- Specialty: Endocrinology
- Symptoms: bruising, petechiae, hematomas, oozing of blood at surgical or puncture sites, stomach pains, cartilage calcification, and severe malformation of developing bone or deposition of insoluble calcium salts in the walls of arteries.
- Causes: insufficient dietary vitamin K_{1} or vitamin K_{2} or both
- Medication: phytonadione

= Vitamin K deficiency =

Vitamin K deficiency results from insufficient dietary vitamin K_{1} or vitamin K_{2} or both.

==Signs and symptoms==
Symptoms include bruising, petechiae, and hematomas.

Vitamin K is changed to its active form in the liver by the enzyme vitamin K epoxide reductase. Activated vitamin K is then used to gamma carboxylate (and thus activate) certain enzymes involved in coagulation: Factors II, VII, IX, X, and protein C and protein S. The inability to activate the clotting cascade via these factors leads to the bleeding symptoms mentioned above.

Notably, when one examines the lab values in vitamin K deficiency [see below] the prothrombin time is elevated, but the partial thromboplastin time is normal or only mildly prolonged. The deficiency leads to decreased activity in the intrinsic pathway (F-IX) factors, monitored by PTT, and the extrinsic pathway (F-VII) which PT monitors. However, factor VII has the shortest half-life of all the factors carboxylated by vitamin K; therefore, when deficient, it is the PT that rises first, since the activated Factor VII is the first to "disappear." In later stages of deficiency, the other factors (which have longer half-lives) can "catch up," and the PTT also rises.

==Cause==
Vitamin K_{1}-deficiency may occur by disturbed intestinal uptake (such as would occur in a bile duct obstruction), by therapeutic or accidental intake of a vitamin K_{1}-antagonist such as warfarin, or, very rarely, by nutritional vitamin K_{1} deficiency. As a result, Gla-residues are inadequately formed and the Gla-proteins are insufficiently active.

==Epidemiology==
The prevalence of vitamin K deficiency varies by geographic region. For infants in the United States, vitamin K_{1} deficiency without bleeding may occur in as many as 50% of infants younger than 5 days old, with the classic hemorrhagic disease occurring in 0.25-1.7% of infants. Therefore, the Committee on Nutrition of the American Academy of Pediatrics recommends that 0.5 to 1.0 mg vitamin K_{1} be administered to all newborns shortly after birth.

Postmenopausal and elderly women in Thailand have a high risk of vitamin K_{2} deficiency, compared with the normal value of young, reproductive females.
Current dosage recommendations for vitamin K may be too low. The deposition of calcium in soft tissues, including arterial walls, is quite common, especially in those who have atherosclerosis, suggesting that vitamin K deficiency is more common than previously thought.
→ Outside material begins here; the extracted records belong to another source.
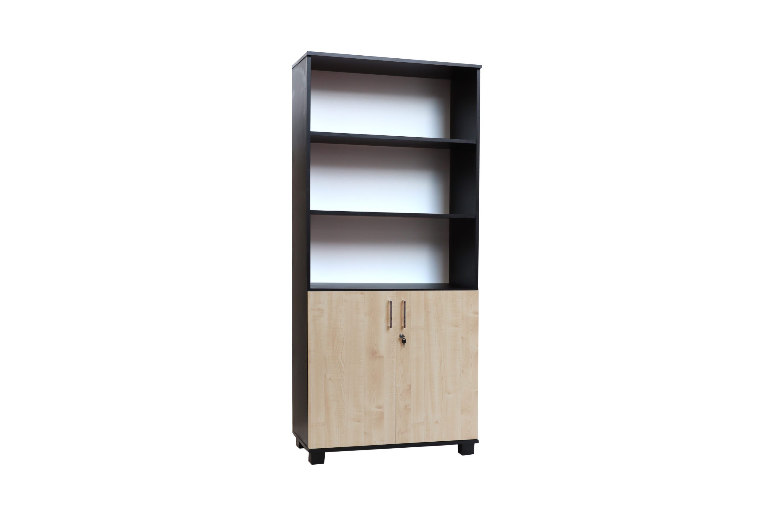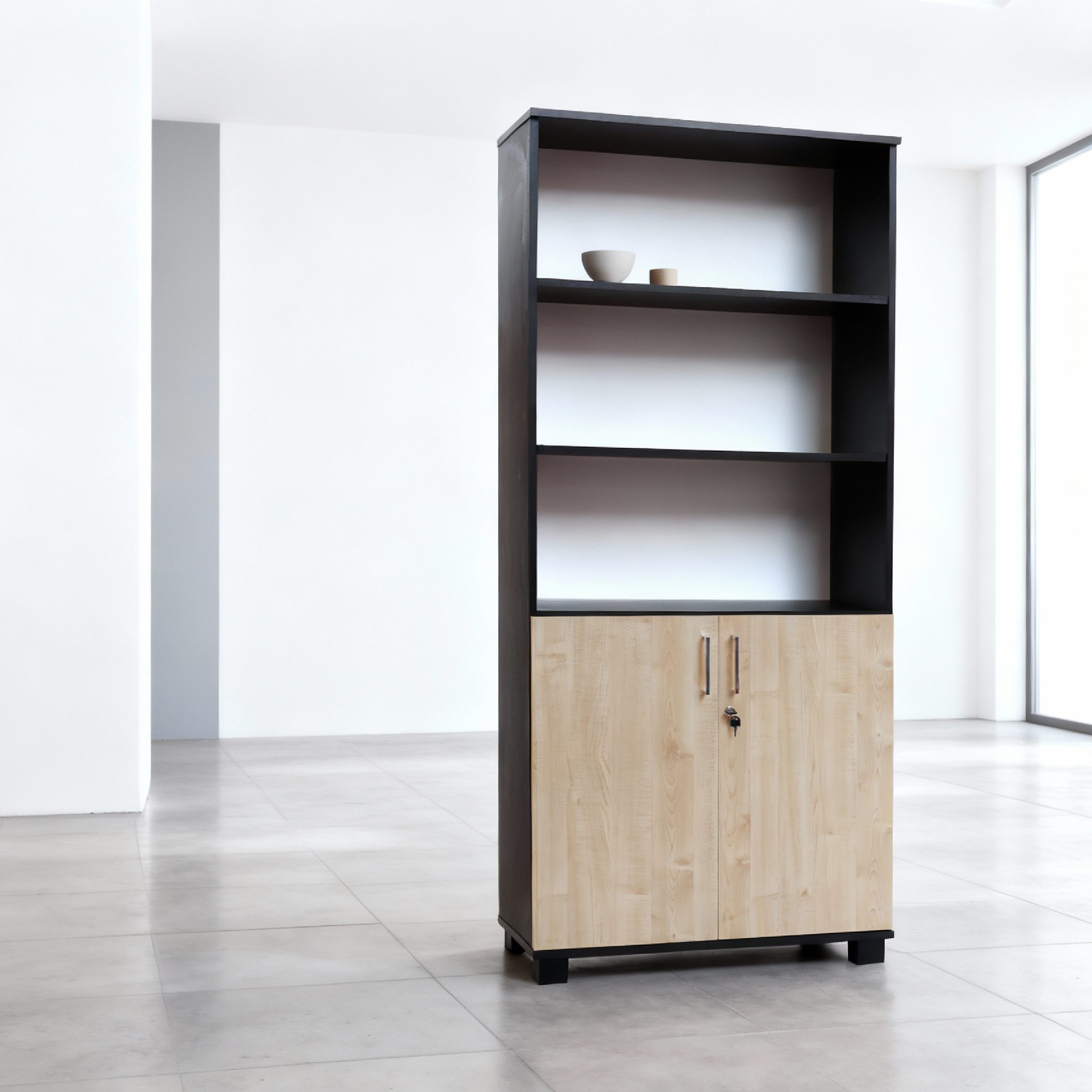 Meuble de rangement moderne, associant une structure noire mate à des portes en finition bois. Il dispose de trois étagères ouvertes et d’un placard inférieur sécurisé avec serrure.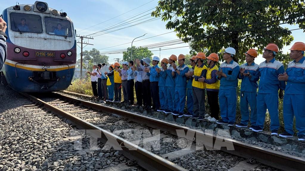 Lúc 9 giờ ngày 11/3/2026, đoàn tàu số hiệu đầu máy D19E-966, với tải trọng khoảng 1.000 tấn lưu thông qua cầu Ghềnh, sau 6 ngày bị gián đoạn do sự cố sà lan đâm va gây hư hỏng. Ảnh: Sỹ Tuyên - TTXVN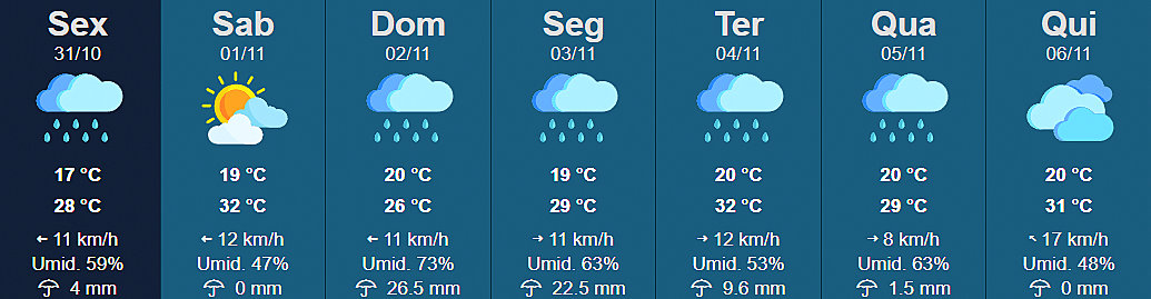 A "virada" de mês (outubro para novembro) está sendo marcada com com tempo fechado e previsão de chuvas em Marília e região inclusive para os próximos dias, segundo o IPMet da Unesp de Bauru. Pelo menos até a próxima quinta-feira o céu deve permanecer nublado, com possibilidade de pancadas de chuva, principalmente a partir de domingo (sábado ainda deve ter sol na cidade).

Because colonic bacteria synthesize a significant portion of the vitamin K required for human needs, individuals with disruptions to or insufficient amounts of these bacteria can be at risk for vitamin K deficiency. As mentioned above, newborns fit into this category, as their colons are frequently not adequately colonized in the first five to seven days of life. Another at-risk population comprises those individuals on any long-term antibiotic therapy, as this can diminish the population of normal gut flora.